To assess the quality of the 4 studies that used the MDC (n = 515,2730)), the COSMIN checklists of reliability and measurement error were used. Only one study27) received a “very good” or “adequate” rating for more than half of the checklist items (when NA was excluded) for both checklists of reliability and measurement error. The details of the ratings for each item in the MDC studies are presented in Table 2 (reliability checklist) and Table 3 (measurement error checklist). To assess the quality of the study that used the MIC (n = 118)), a COSMIN checklist of responsiveness-criterion approach was used. All checklist items were rated as “very good” or “adequate.” The details of the ratings for each item in the MIC study are presented in Table 4.

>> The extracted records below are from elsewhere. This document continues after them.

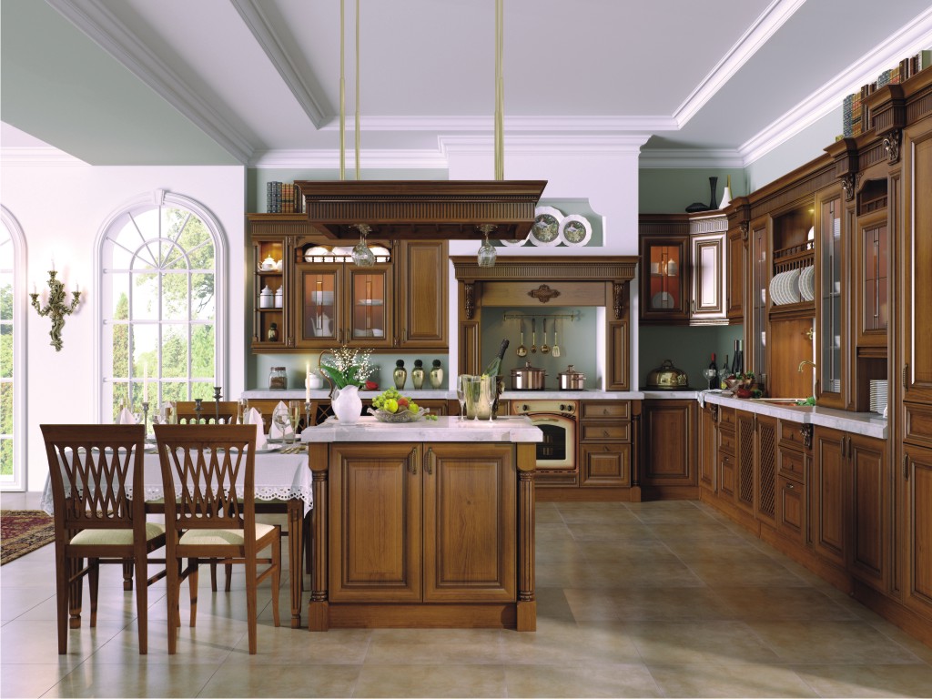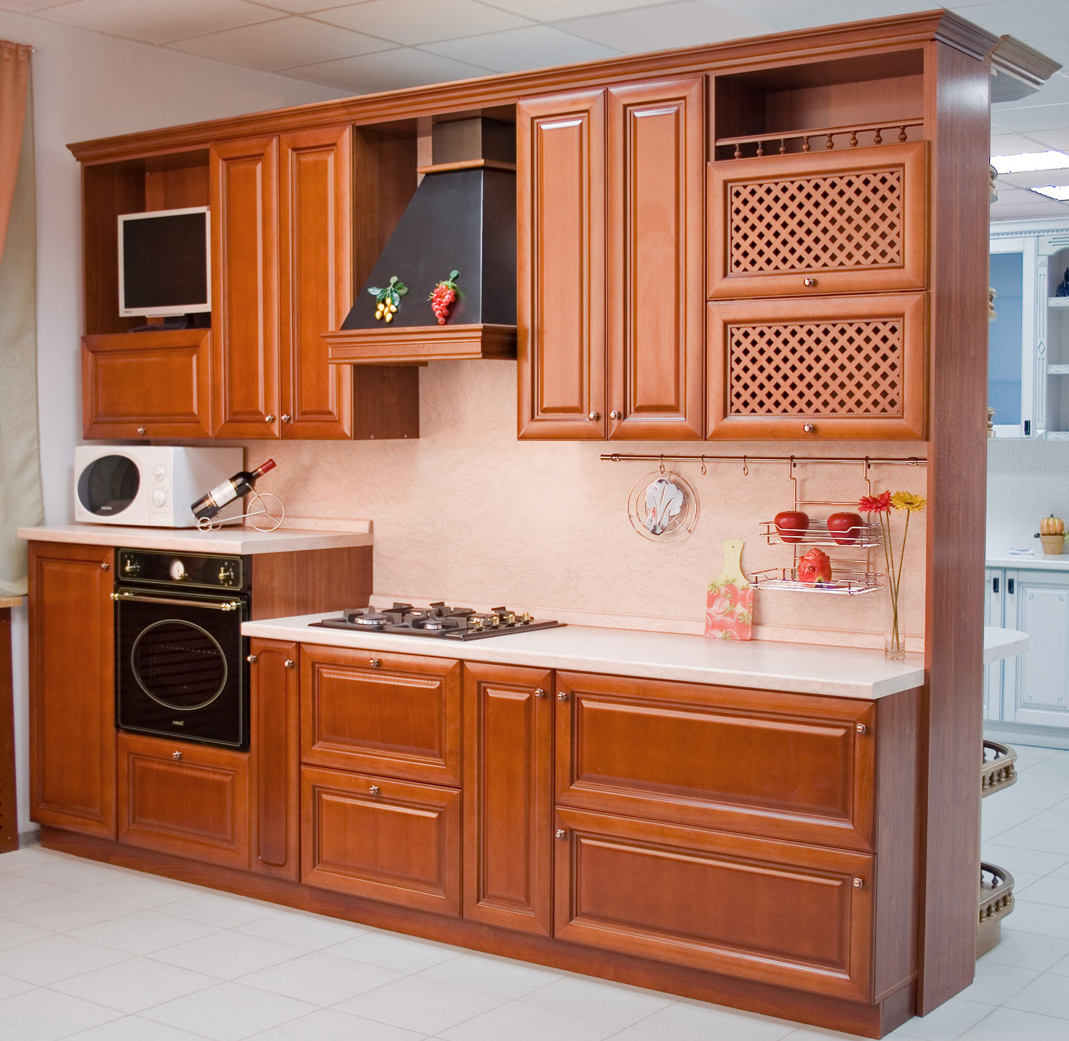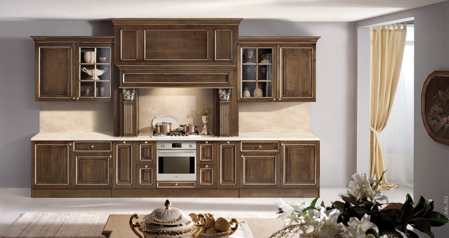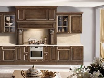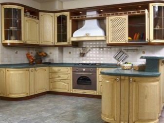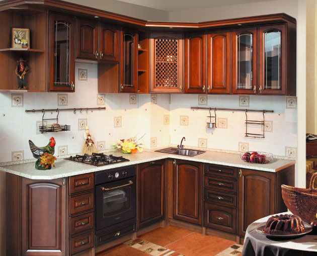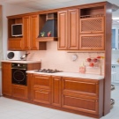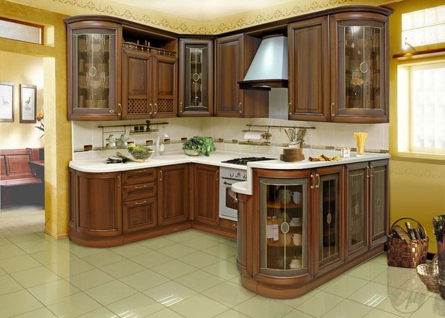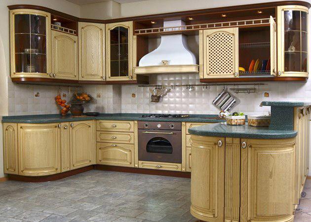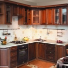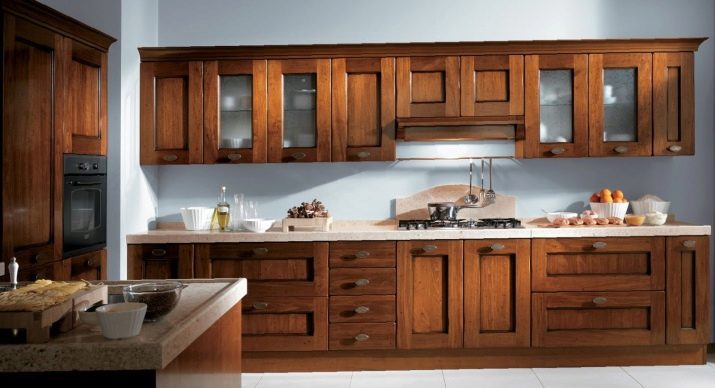 Die klassische Version - Türen und Arbeitsplatten aus Massivholz. In puncto Gesundheit ist es das sicherste Material für Möbel. Natürliches Holz, ohne Chemie, verursacht keine Allergien,Das ist sehr wichtig für Menschen mit gesundheitlichen Problemen. Die Elite-Sorten von Holz sind Eiche, Kirsche, Buche und einige andere Arten. Solche Möbel sind jedoch sehr teuer, auch wenn Sie nur Außenfassaden dieser Steine machen.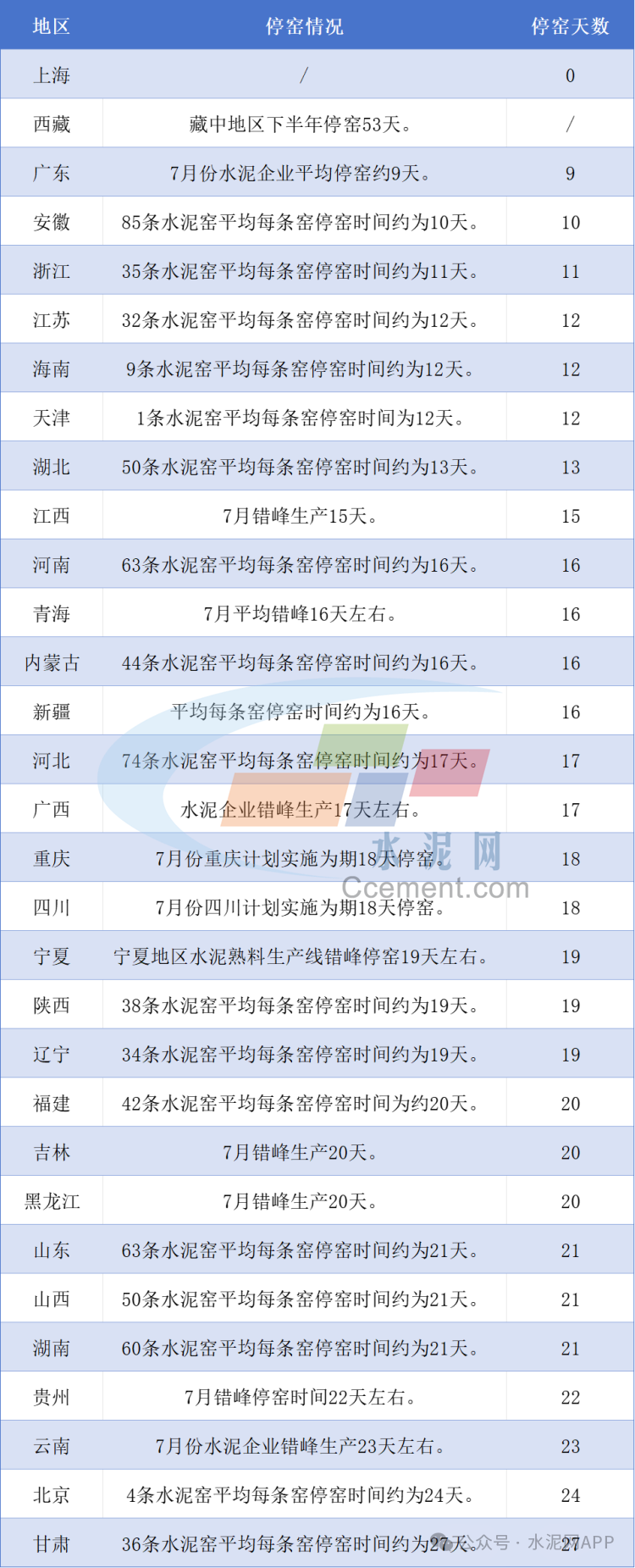 据市场反馈,8月20日起京津冀全域熟料线将停窑15-20天,部分区域15日起停窑;东北三省8月继续停窑20天;河南省水泥企业8月15号起停窑20天;云南区域三季度计划执行累计50天错峰生产...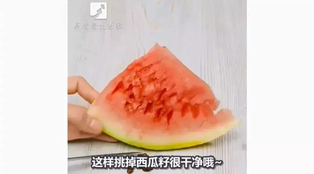 这样挑掉西瓜籽很干净,而且西瓜肉里面也没有西瓜籽~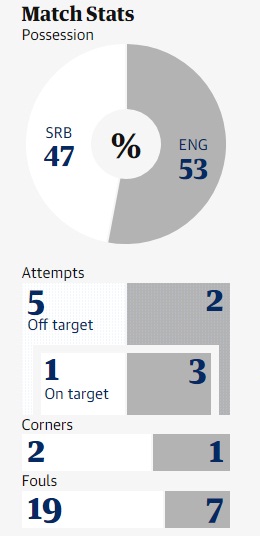 جود بلینگام با ضربه سری که در دقیقه سیزدهم روی سانتر بوکایو ساکا وارد دروازه صربستان کرد، سه امتیاز برای سه شیرها به ارمغان آورد. صربها عملکرد ضعیفی داشتند با این حال در دقایق پایانی فشاری که به روی دروازه حریف وارد آوردند، آنها را تا آستانه باز کردن دروازه انگلیس پیش برد. هری کین هم یک بار تیر دروازه صربها را لرزاند اما این ضربه نیز گل نشد تا انگلیس مسابقات یورو را با برد در شهر گلزن کیرشن آلمان آغاز کند. آمار و تصاویر منتخب این بازی را مشاهده می کنید.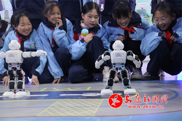 在科技館內(nèi),學生們在講解員的引導下,開啟了“沉浸式”科學之旅,近距離接觸機器人、VR、人工智能等前沿科技展品。智能機器人靈巧的舞蹈動作引得孩子們陣陣歡呼;VR體驗區(qū)里,學生們戴上設(shè)備“穿越”到宇宙星空,感受科技的神奇魅力;學生們還通過參觀“節(jié)水之旅 我們在行動”等主題板塊展品,親手操作實驗設(shè)備,感受到了科技對生活的深刻影響。走進氣象站,學生們跟隨氣象工作人員,參觀了氣象科普長廊,閱覽二十四節(jié)氣對生產(chǎn)生活的影響。在氣象觀測場,近距離觀察風向風速傳感器、天氣現(xiàn)象儀器等設(shè)備。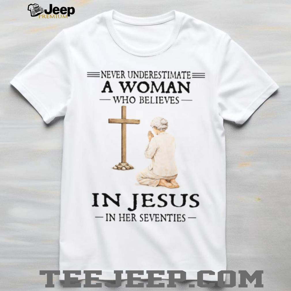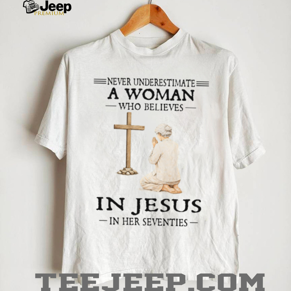 ()Never Underestimate A Woman Who Believes In Jesus In Her Seventies T Shirt, Treat yourself or make a great gift for your loved ones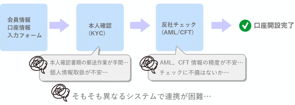 「本人確認書類の郵送作業に手間とコストがかかる」「個人情報の取り扱いに不安がある」「異なるシステム間の連携が難しく、作業が非効率だ」といった課題は、業務のボトルネックになりがちです。また、AML(アンチ・マネー・ロンダリング)やCFT(テロ資金供与対策)のチェック精度に不安を感じている企業も少なくありません。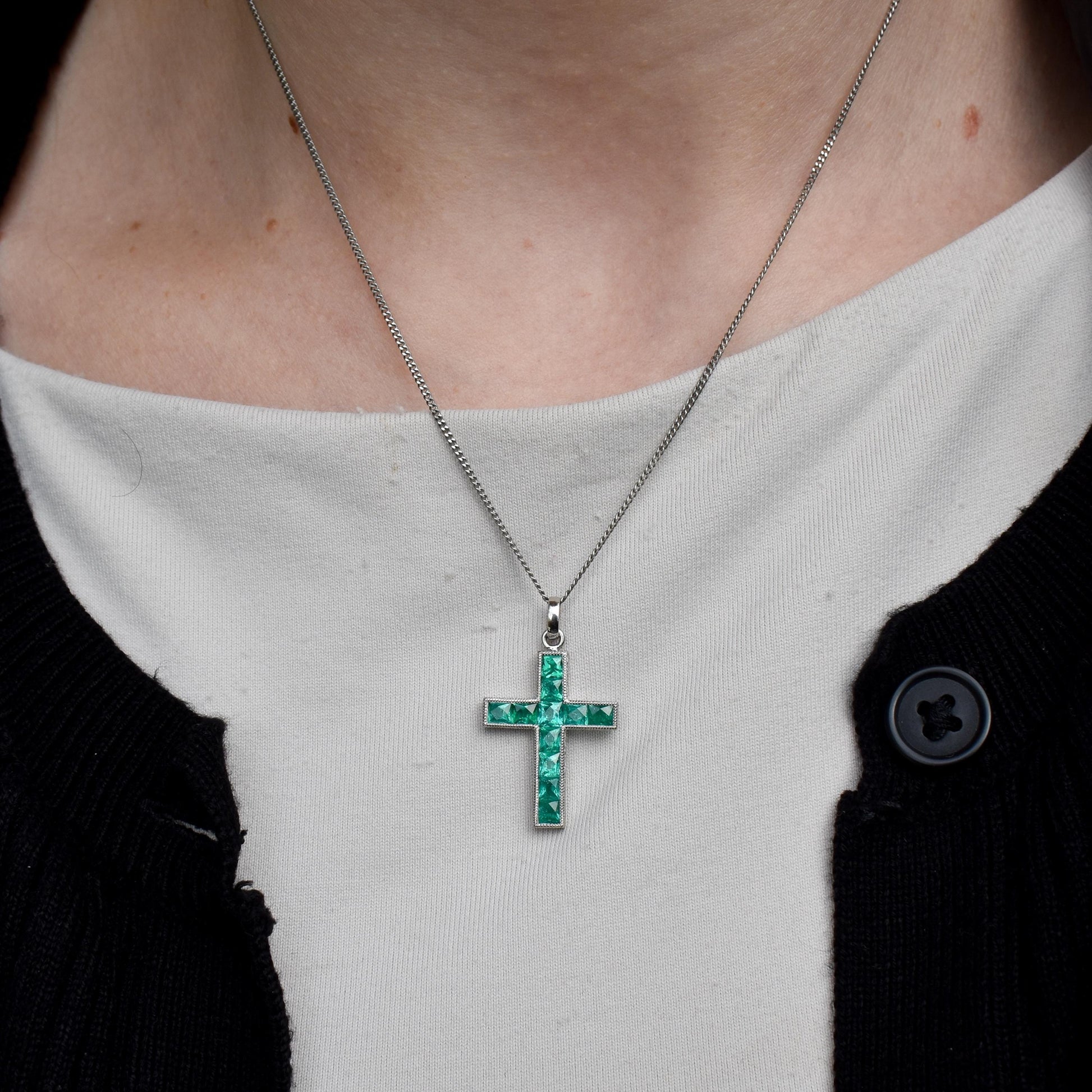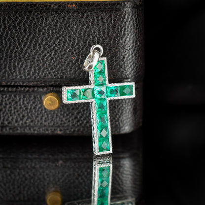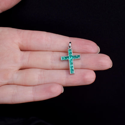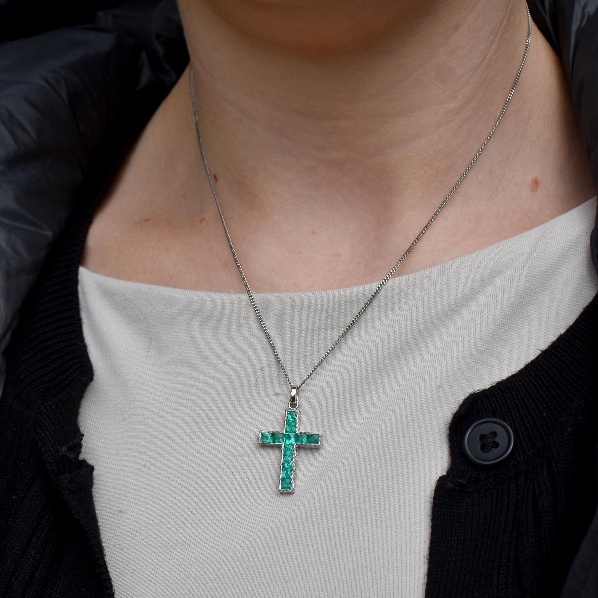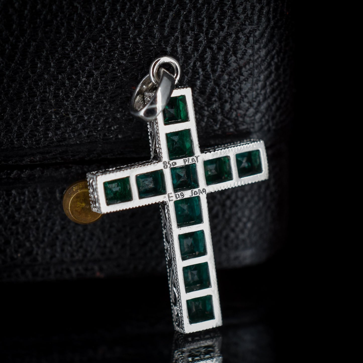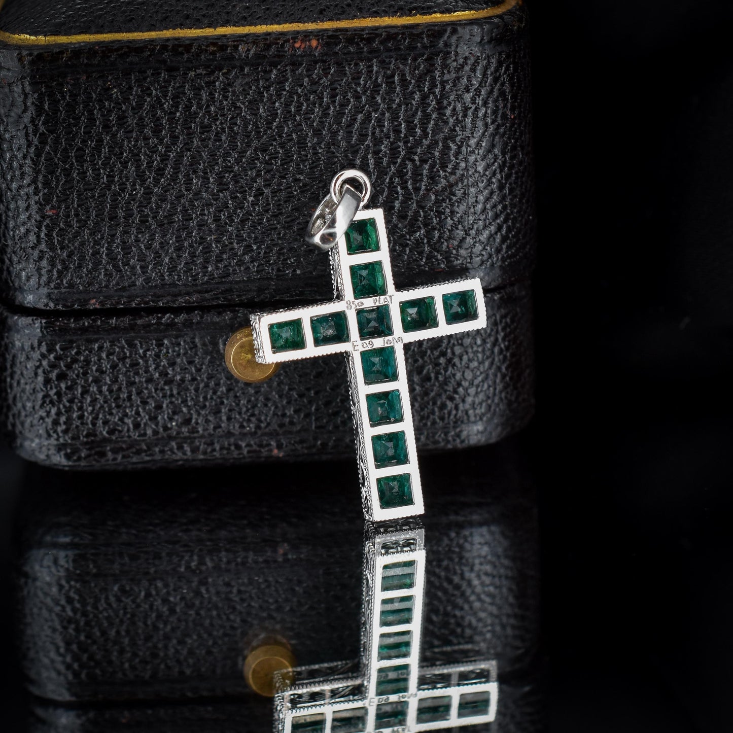 This exquisite Emerald platinum charm has been meticulously handcrafted into a religious cross featuring eleven French-cut natural Emeralds weighing an impressive total of 0.90ct.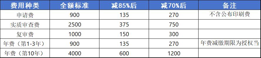 完成备案后,申请人可享受专利申请费、实质审查费、年费等费用的减缴,减缴比例根据申请人数量划分,具体标准如下: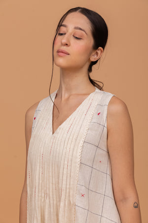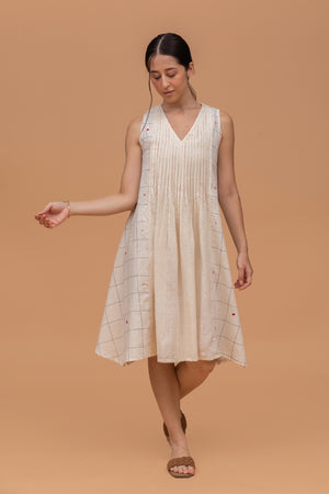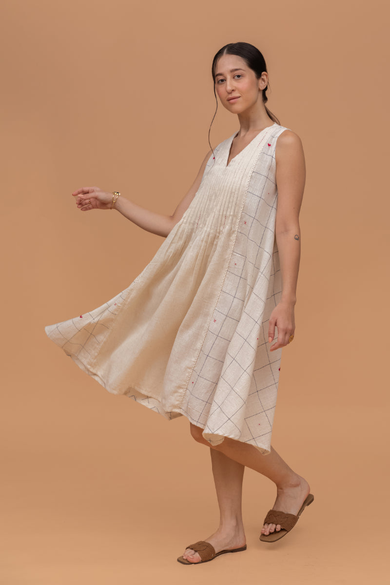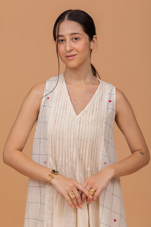 Crafted From Handwoven Kala Cotton, This Elegant Dress Combines Timeless Style With Slow Fashion. The Soft Pleats And Cute Heart Embroidery Add A Playful Yet Refined Touch, Making It Perfect For Everyday Wear. The Intricate Lace Detailing And Kantha Stitch Bring A Beautiful Charm And Artisanal Quality To The Dress, Elevating Its Design. A Must-Have In Your Wardrobe, This Dress Blends Comfort, Craftsmanship, And Sustainability, Offering A Versatile Piece For Any Occasion.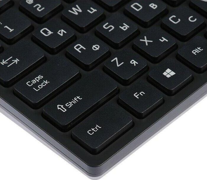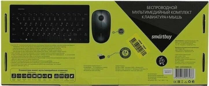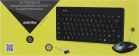 Набор беспроводной (клавиатура+мышь), клавиатура - количество клавиш - 79, низкопрофильные, 12 клавиш отвечают за мультимедиа и выход в сеть; мышь - оптическая, свтодиодная, количество клавиш - 3, разрешение - 1600 dpi, радиус действия - до 15 м.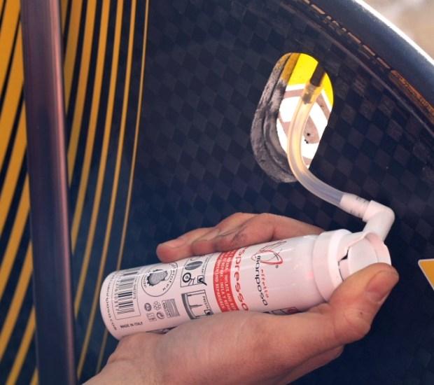 No, not that kind of espresso (although I would love one right about now)… the ‘Espresso’ from Effetto Mariposa is their version of fix-a-flat. Call it Caffelatex-in-a-can. This is intended as an all-in-one C02 plus sealant that you can use on the road to seal your puncture and inflate the tire in a single step.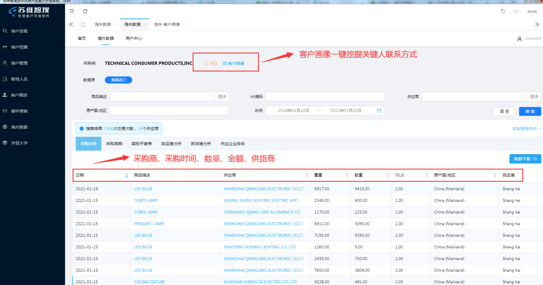 不仅可以查看客户的采购周期、采购量、采购金额,进一步判断询盘质量和客户的真实采购意图,还能摸清该客户正在合作的国内同行,从而帮助我们更好地找准自身优势和客户痛点,有针对性地制定营销策略,大大提高询盘转化率。
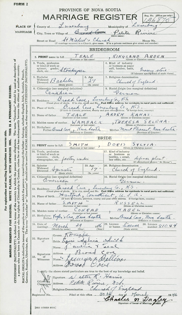28. Date of marriage March 29 1946 29. By license or banns License 30. License number 81044

Table 2. Results of bias risk assessment of studies on reliability using COSMIN Risk of Bias

Study Reliability type Simultaneous (1) (2) (3) (4) (5) (6) (7) (8) (9)
Beckerman et al.30) Intra-rater No ++ ++ ? ? ? ? ++ NA NA
Hiengkaew V et al.29) Inter-rater No ? ? ? ? ? ? ++ NA NA
Hsueh I et al.28) Intra-rater No ? ? ? ? ? ? ++ NA NA
Kim H et al.27) Intra-rater No ? ++ ? ++ ++ ? ++ NA NA
Kim H et al.27) Inter-rater Yes NA ++ ++ ++ ++ ? ++ NA NA
Nakazono T et al.15) Intra-rater No ? ? ? ? ? ++ NA NA
Nakazono T et al.15) Inter-rater No ? ? ++ ++ ? ++ NA NA

Columns: (1) Were patients stable in the time between the repeated measurements on the construct to be measured? (2) Was the time interval between the repeated measurements appropriate? (3) Were the measurement conditions similar for the repeated measurements–except for the condition being evaluated as a source of variation? (4) Did the professional administer the measurement without knowledge of scores or values of other repeated measurement in the same patients? (5) Did the professional assign scores or determine values without knowledge of the scores or values of other repeated measurement in the same patients? (6) Were there any other important flaws in the design or statistical methods of the study? (7) For continuous scores, was an intraclass correlation coefficient (ICC) calculated? (8) For ordinal scores, was a (weighted) kappa calculated? (9) For dichotomous/nominal scores, was Kappa calculated for each category against the other categories combines? ++, very good; +, adequate; ?, doubtful; −, inadequate; COSMIN, COnsensus-based Standards for the selection of health Measurement INstruments; NA, not applicable.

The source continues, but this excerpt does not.